* What is expected
Leaving out pictures, output exactly the lines below from the one that has "月間130万PVの生成AIメ" through the one that has "En los siguientes", and nothing else.

* Information shown

=-=-=

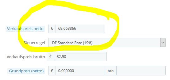 Claudiocool Posted September 3, 2017 Share Posted September 3, 2017 Hallo Freunde, die Suche gab hier nichts her, darum mal kurz hier die Frage: Wenn ich einem Artikel Varianten zuweise, die sich dann auch preislich auswirken, kann ich ja den Netto- oder den Bruttopreis angeben, so wie bei den Preisen grundsätzlich ja auch. Der Unterschied bei beiden ist, dass der Artikelpreis selbst die Nettopreisform 6-stellig hinter dem Komma ist, so dass letztendlich kaum Rundungsfehler auftreten bei Kunden, die Bruttopreise bezahlen, bei den Varianten ist es aber beim Nettopreis so, dass nur 2 Stellen hinter dem Komma auftauchen, was dann schnell zu Rundungsfehlern führt, wenn man gleich mehrere Produkte im Wagen liegen hat und bei der Anlage des Preises den Nettopüreis gesetzt hatte. Jetzt bin ich auf der Suche, wo das Preisformat geändert werden muss. Hier das beim Normalpreis: Und jetzt bei den Varainten: Gibt man es Brutto ein, wird es in der Datenbank mit den 6 Stellen gespeichert, das ist also mathematisch korrekt, aber ich kriege nach dem Speichern im BO nur den gerundeten Nettopreis gezeigt, weiß dann also nicht, ob der glatt ist oder eben ab der 3. Stelle noch was kommt. Lustig ist, dass man es bei der Anlage eines Bruttopreises sieht, wie er das netto berechnet, aber wenn man später drübergeht, eben nur 2 Stellen sieht. Link to comment Share on other sites More sharing options...
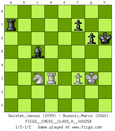 Last move : 1/2-1/2 2022 August 13 21:45:41 [Event "FICGS__CHESS__CLASS_A__000258"] [Site "FICGS"] [Date "2022.04.30"] [Round "1"] [White "Swiatek,Janusz"] [Black "Bussoli,Marco"] [Result "1/2-1/2"] [WhiteElo "2099"] [BlackElo "2060"] 1.d4 Nf6 2.c4 e6 3.Nf3 Be7 4.Nc3 d5 5.Bf4 O-O 6.e3 c5 7.dxc5 Nc6 8.cxd5 Nxd5 9.Nxd5 exd5 10.Rc1 Qa5+ 11.Qd2 Qxa2 12.Be2 Bf6 13.Nd4 Re8 14.Nb5 Qxb2 15.Nc7 Bf5 16.g4 Be4 17.Nxe8 Bxh1 18.Nc7 Rc8 19.Nb5 Be4 20.f3 Bg6 21.Qxb2 Bxb2 22.Rd1 Nb4 23.Nxa7 Ra8 24.Nb5 Bc2 25.Rd2 Ra2 26.Kf2 h6 27.Bf1 Bc1 28.Re2 Ra1 29.Re1 Bd3 30.h4 Ra2+ 31.Kg3 Bd2 32.Rd1 Bxf1 33.Rxf1 Nd3 34.Nd4 Be1+ 35.Kh3 Bb4 36.c6 Nxf4+ 37.exf4 Bd6 38.cxb7 Bxf4 39.Rh1 Rb2 40.Nf5 Kh7 41.g5 Rxb7 42.Rd1 hxg5 43.hxg5 g6 44.Ng3 Bxg5 45.Rxd5 Kh6 46.Ne4 Bc1 47.Nd6 Ra7 48.Kg3 Kh7 49.Rd1 Bh6 50.Nb5 Re7 51.Nc3 Ra7 52.Ne2 Be3 53.Nc3 Kh6 54.Rd3 Bc5 1/2-1/2 Queen's pawn game Kingside Castling by player Black (move 5) 10 pieces endgame at move 44 : White KRNP , Black KRBPPP WHITE : King + 1 Rook 1 Knight 1 Pawn BLACK : King + 1 Rook 1 Bishop 3 Pawns 9 pieces endgame at move 45 : White KRNP , Black KRBPP WHITE : King + 1 Rook 1 Knight 1 Pawn BLACK : King + 1 Rook 1 Bishop 2 Pawns This chess game ended in a draw. Follow this game move after move (download)If Chess is a science, it's a most inexact one. If Chess is an art, it is too exacting to be seen as one. If Chess is a sport, it's too esoteric. If Chess is a game, it's too demanding to be just a game. If Chess is a mistress, she's a demanding one. If Chess is a passion, it's a rewarding one. If Chess is life, it's a sad one. (Unknown) Wenn Capablanka heute auf der Schachbühne erscheinen würde, hätte er ein halbes Jahr gebraucht um sich die Schachtheorie anzueignen. Und dann hätte er alles und jeden besiegt. (Mikhail Moiseyevich Botvinik) La vida es como un juego de Ajedrez, cambiando con cada movimiento. (Proverbio Chino) Aidez vos pièces, elles vous aideront. (Paul Morphy) Have no fear of perfection - you'll never reach it. (Salvador Dali)
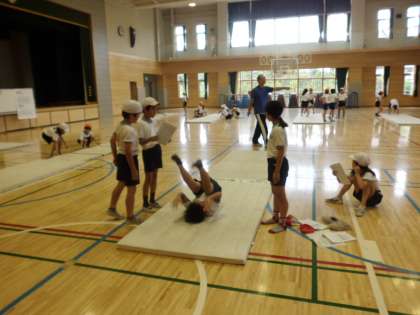 グループでアドバイスをしながら、上手に技ができるよう練習中です。
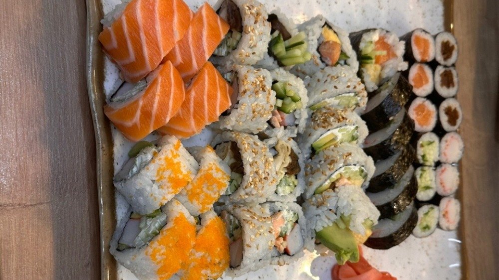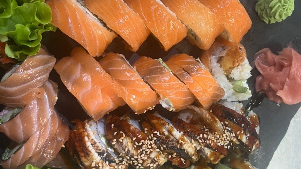 -12 Futo Ten Roll (Surowy łosoś, Serek kremowy, Tamago, Ogórek, Awokado, Marynowana rzodkiewka, Rolka smażona w panko), 5 Philadelphia Roll (Pieczony lub surowy łosoś, Awokado, Ogórek, Tamago, Serek kremowy), 12 Hosomaki (6 z łososiem, 6 z ogórkiem), 5 Ebi Gold (Krewetka w tempurze, ogórek, surowy łosoś, tamago, awokado, majonez, kawior), 8 Sake Tataki (Łosoś z parmezanem na wierzchu podpalany, pieczony lub surowy łosoś, ogórek, awokado, serek kremowy), 8 Sake Gold (Surowy łosoś, Awokado, Surimi, Ogórek, Serek kremowy), 8 Dragon Roll (Węgorz słodkowodny, tamago, awokado, majonez), 10 Sashimi Roll (Rolka bez ryżu, tuńczyk, krewetki, ogórek, awokado, sałata, serek kremowy, wszystko zawinięte w łososia) -12 Futo Ten Roll (Raw Salmon, Cream Cheese, Tamago, Cucumber, Avokado, Pickled Radish, Roll Fried with Panko), 5 Philadelphia Roll (Baked or Raw Salmon, Avokado, Cucumber, Tamago, Cream Cheese), 12 Hosomaki (6 with salmon, 6 with cucumber), 5 Ebi Gold (Shrimp Tempura, Cucumber, Raw Salmon, Tamago, Avokado, Mayo, Caviar), 8 Sake Tataki (Salmon with Parmesan on top flamed, bake salmon or raw salmon, Cucumber, Avokado, Cream Cheese), 8 Sake Gold (Raw Salmon, Avokado, Surimi, Cucumber, Cream Cheese), 8 Dragon Roll (Unagi, tamago, Cucumber, Avokado, Mayo), 10 Sashimi Roll (Without Rice, Tuna, Shirmp, Cucumber, Avokado, Lettuce, Cream Cheese, All wrapped in Salmon)
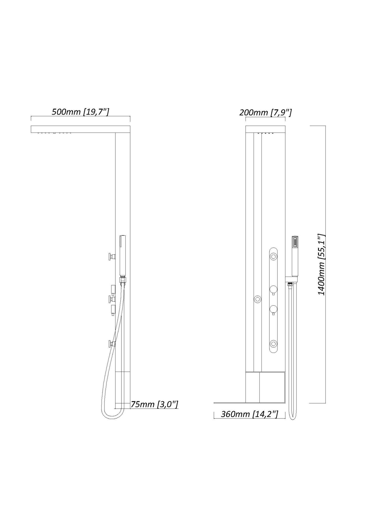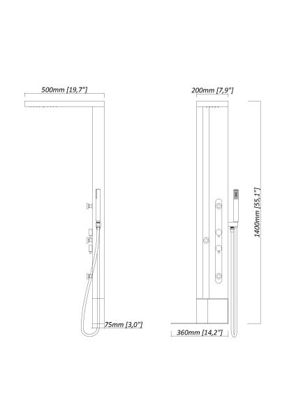 Душевая панель Black & White Gravity GR027 1400 х 200 мм купить
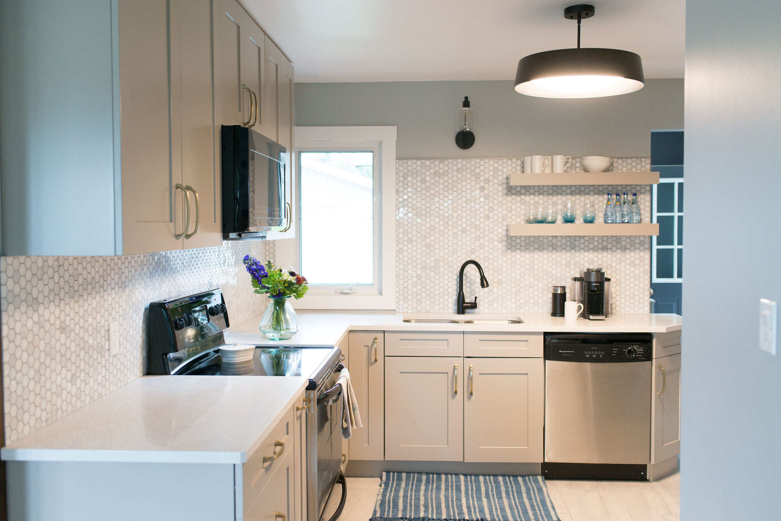 In this kitchen the window is located in the corner of the kitchen, which is where the sink used to be. Generally a window over a sink is the most common however a corner sink eats up a lot of cabinet space, so we reconfigured that area put the sink on the north wall and installed open shelving instead of cabinets for more of a feature in the kitchen. This is where we added wall sconces, and a hexagon mosaic tile 2/3’s of the way up the wall to accommodate the open shelving placement.
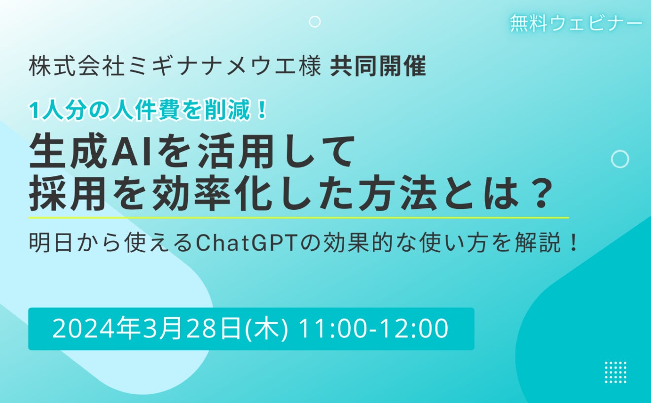 月間130万PVの生成AIメディアを運営するWEELが、株式会社ミギナナメウエとの共同セミナー「【一人分の人件費を削減】生成AIを活用して採用を効率化した方法とは?」を開催します!
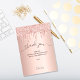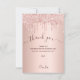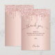 En rosa guld bakgrund, dekorerad med falska glittret-dropar, målarfärg som dropar. Stor handskriven text med svängar och texten: Tack. Personifiera och lägg till din tacknota och namn.
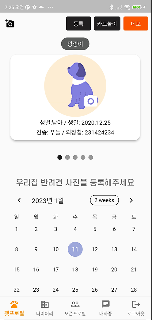 [펫버틀러] 반려 동물 고민 상담 앱 - 개발 12 일차 (프로필화면에 달력적용) 본문
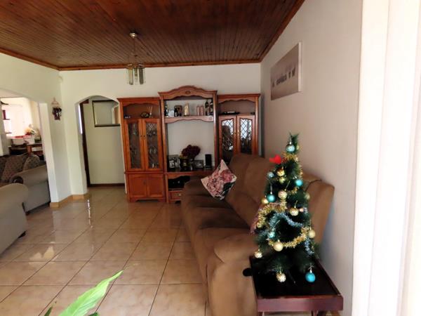 This expansive property, boasting a generous floor size of 240 square metres with an outbuilding of 44 sqm on a 446 square metre erf, presents a welcoming ambiance upon entry. The interior is characterised by spacious living areas featuring distinctive warm wood-paneled ceilings and durable tiled flooring throughout, ensuring both aesthetic appeal and ease of maintenance. The layout thoughtfully integrates a dedicated lounge, a family tv room and a separate dining room, providing versatile spaces suitable for both formal entertaining and relaxed family gatherings. Natural light permeates these areas through large windows, some fitted with security bars for enhanced safety.
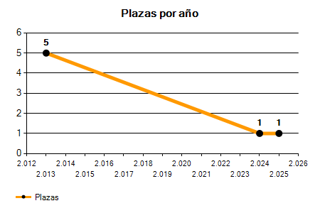 En los siguientes gráficos se puede ver la evolución del número de convocatorias y plazas convocadas para la profesión de Profesor en Cantabria de los últimos años pudiéndose observar un crecimiento y una caída del 0,00% desde el año 2013 hasta el 2025 en número de convocatorias y una caída del 80,00% en número de plazas convocadas.
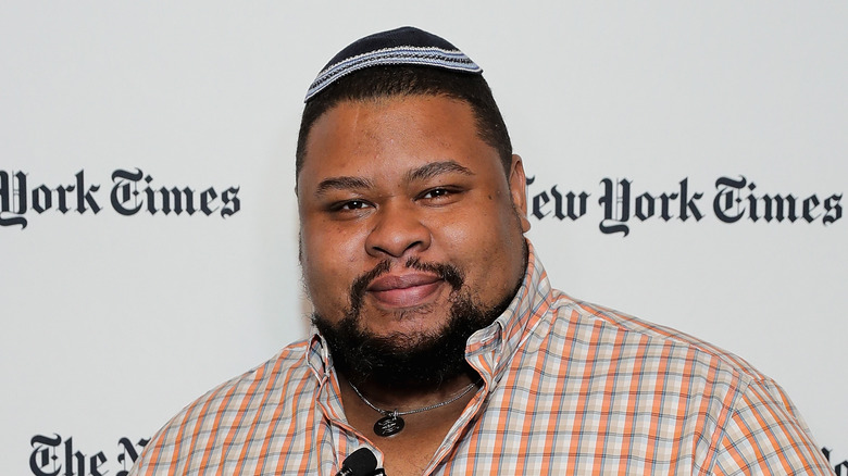 Hanukkah is, in part, a celebration of oil, so fried foods are a big part of the holiday. Twitty makes a special Hanukkah fried chicken breaded in matzo meal. This year, he's also trying a new twist on latkes. He starts with grated potatoes, then adds in some Louisiana flavors. "For Louisiana latkes, I throw in a little chopped celery, a little bit of grated yellow onion, chopped scallions, and red pepper," he tells Tasting Table. "So, I put the trinity in it, a little creole spice, a Cajun spice in it." He'll use these latkes as the "buns" of a collard green sandwich inspired by a traditional dish from the Lumbee, who live in Robeson County, North Carolina.

=-=-=

* Solution to this task
 月間130万PVの生成AIメディアを運営するWEELが、株式会社ミギナナメウエとの共同セミナー「【一人分の人件費を削減】生成AIを活用して採用を効率化した方法とは?」を開催します!
 En rosa guld bakgrund, dekorerad med falska glittret-dropar, målarfärg som dropar. Stor handskriven text med svängar och texten: Tack. Personifiera och lägg till din tacknota och namn.
 [펫버틀러] 반려 동물 고민 상담 앱 - 개발 12 일차 (프로필화면에 달력적용) 본문
 This expansive property, boasting a generous floor size of 240 square metres with an outbuilding of 44 sqm on a 446 square metre erf, presents a welcoming ambiance upon entry. The interior is characterised by spacious living areas featuring distinctive warm wood-paneled ceilings and durable tiled flooring throughout, ensuring both aesthetic appeal and ease of maintenance. The layout thoughtfully integrates a dedicated lounge, a family tv room and a separate dining room, providing versatile spaces suitable for both formal entertaining and relaxed family gatherings. Natural light permeates these areas through large windows, some fitted with security bars for enhanced safety.
 En los siguientes gráficos se puede ver la evolución del número de convocatorias y plazas convocadas para la profesión de Profesor en Cantabria de los últimos años pudiéndose observar un crecimiento y una caída del 0,00% desde el año 2013 hasta el 2025 en número de convocatorias y una caída del 80,00% en número de plazas convocadas.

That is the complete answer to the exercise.